= EXERCISE PROMPT =
Reproduce each record exactly, but exclude every picture.
(Beginning of GIVEN RECORDS)
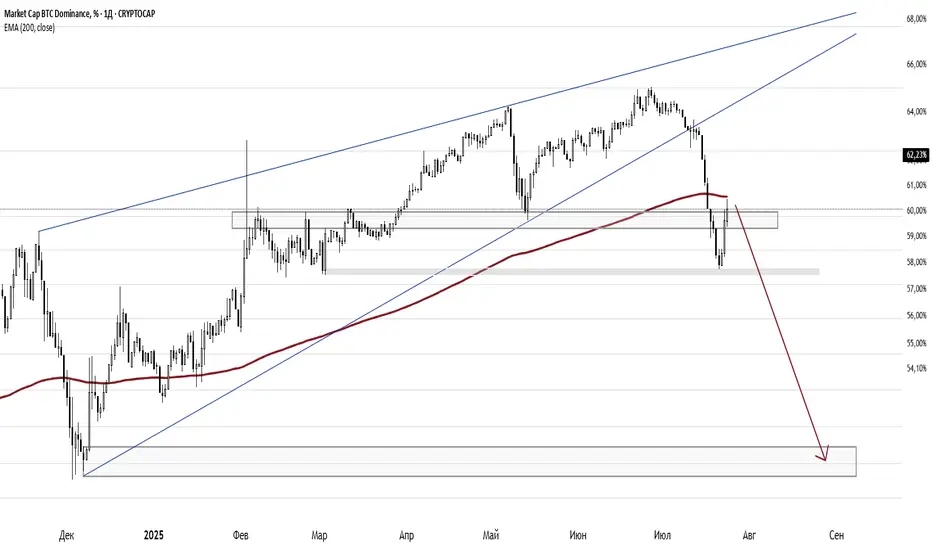 На дневном графике BTC Dominance (%) наблюдается жёсткий слив из многомесячного восходящего клина.
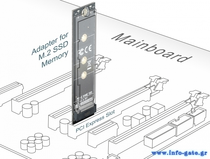 This adapter by Delock enables the connection of an M.2 SSD in 2280, 2260, 2242 and 2230 format. The data transmission occurs directly via the PCI Express slot.
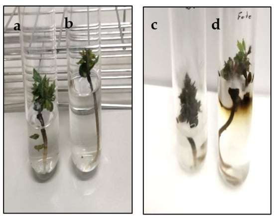 Morphological appearance and progress of infection with P. cinnamomi in a non-transformed plantlet (a,c) and transformed plantlet (b,d) of genotype Q8 immediately after inoculation (a,b) and 7 days later (c,d).
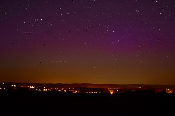 Ich war am Abend auch draußen in Götzberg. Das Polarlicht war zwischen 23 Uhr MESZ bis kurz vor Mitternacht schön fotografisch nachweisbar mit violetten Beamern. Visuell sehr schwach an der Grenze des Sichtbaren. Fotos folgen am Abend.
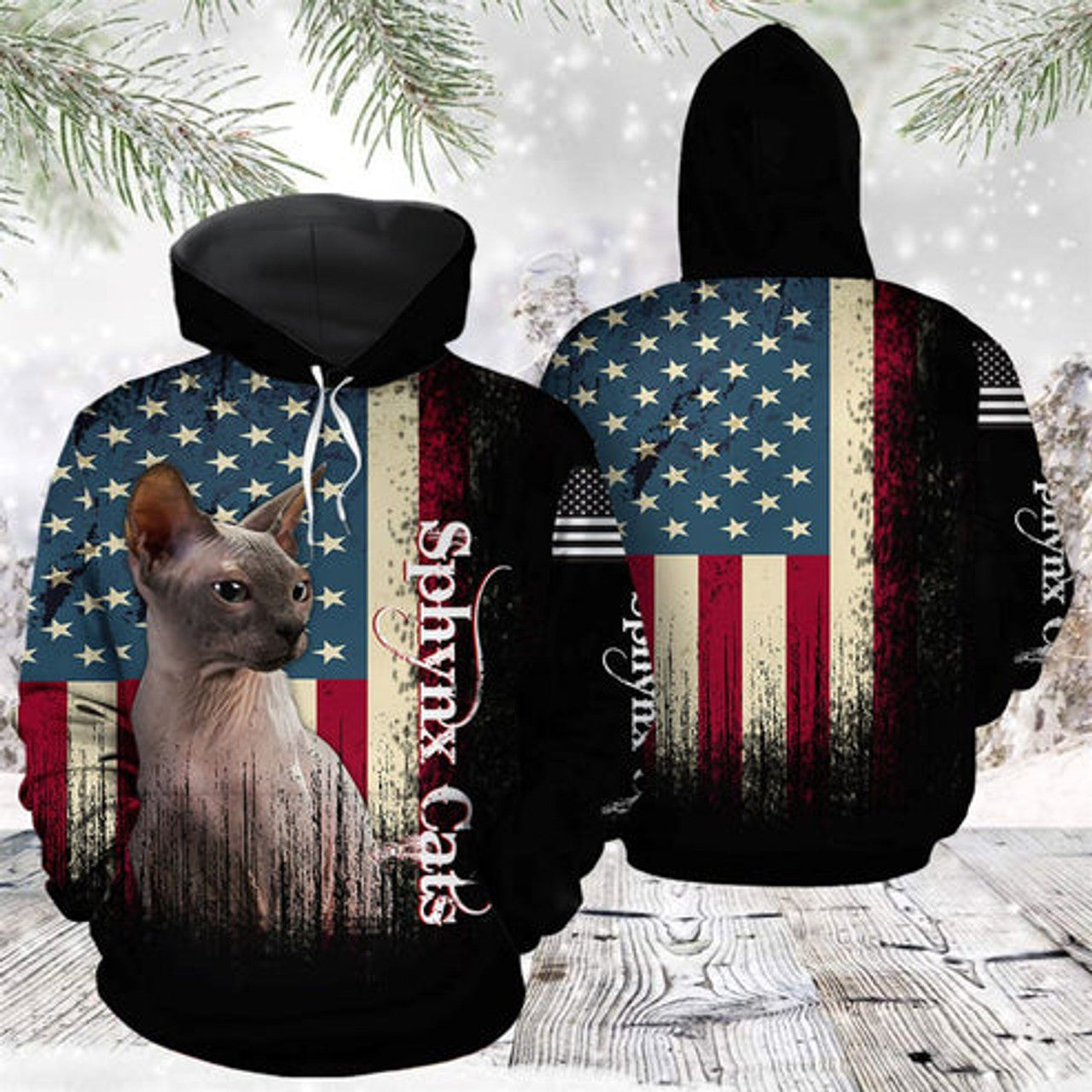 FUNSTUFFPRINT 3D American Sphynx Cat All Over 3D Hoodie and Zip Hoodie
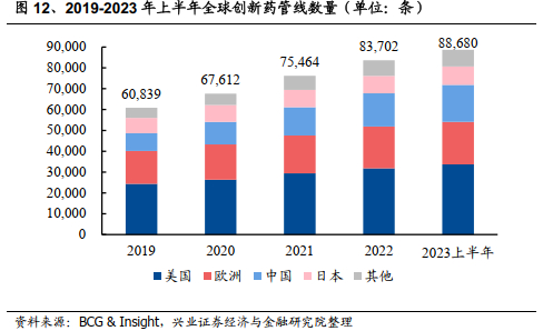 BCG & Insight数据显示,随着近年来欧洲日本创新药管线增速放缓,中国和美国在全球创新药领域的重要性进一步提升。
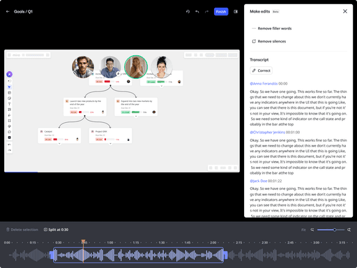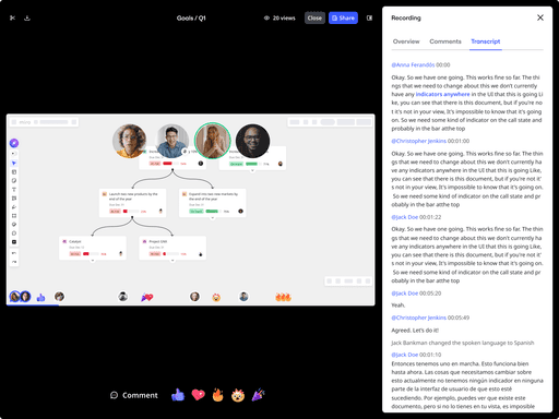 Hyödynnä välittömiä transkriptioita ja yhteenvetoja, joista tekoäly voi laatia toimintakohteita, projektipäivityksiä ja strategisia oivalluksia suoraan taulullesi.
(End of GIVEN RECORDS)
= COMPLETED EXERCISE =
 На дневном графике BTC Dominance (%) наблюдается жёсткий слив из многомесячного восходящего клина.
 This adapter by Delock enables the connection of an M.2 SSD in 2280, 2260, 2242 and 2230 format. The data transmission occurs directly via the PCI Express slot.
 Morphological appearance and progress of infection with P. cinnamomi in a non-transformed plantlet (a,c) and transformed plantlet (b,d) of genotype Q8 immediately after inoculation (a,b) and 7 days later (c,d).
 Ich war am Abend auch draußen in Götzberg. Das Polarlicht war zwischen 23 Uhr MESZ bis kurz vor Mitternacht schön fotografisch nachweisbar mit violetten Beamern. Visuell sehr schwach an der Grenze des Sichtbaren. Fotos folgen am Abend.
 FUNSTUFFPRINT 3D American Sphynx Cat All Over 3D Hoodie and Zip Hoodie
 BCG & Insight数据显示,随着近年来欧洲日本创新药管线增速放缓,中国和美国在全球创新药领域的重要性进一步提升。
 Hyödynnä välittömiä transkriptioita ja yhteenvetoja, joista tekoäly voi laatia toimintakohteita, projektipäivityksiä ja strategisia oivalluksia suoraan taulullesi.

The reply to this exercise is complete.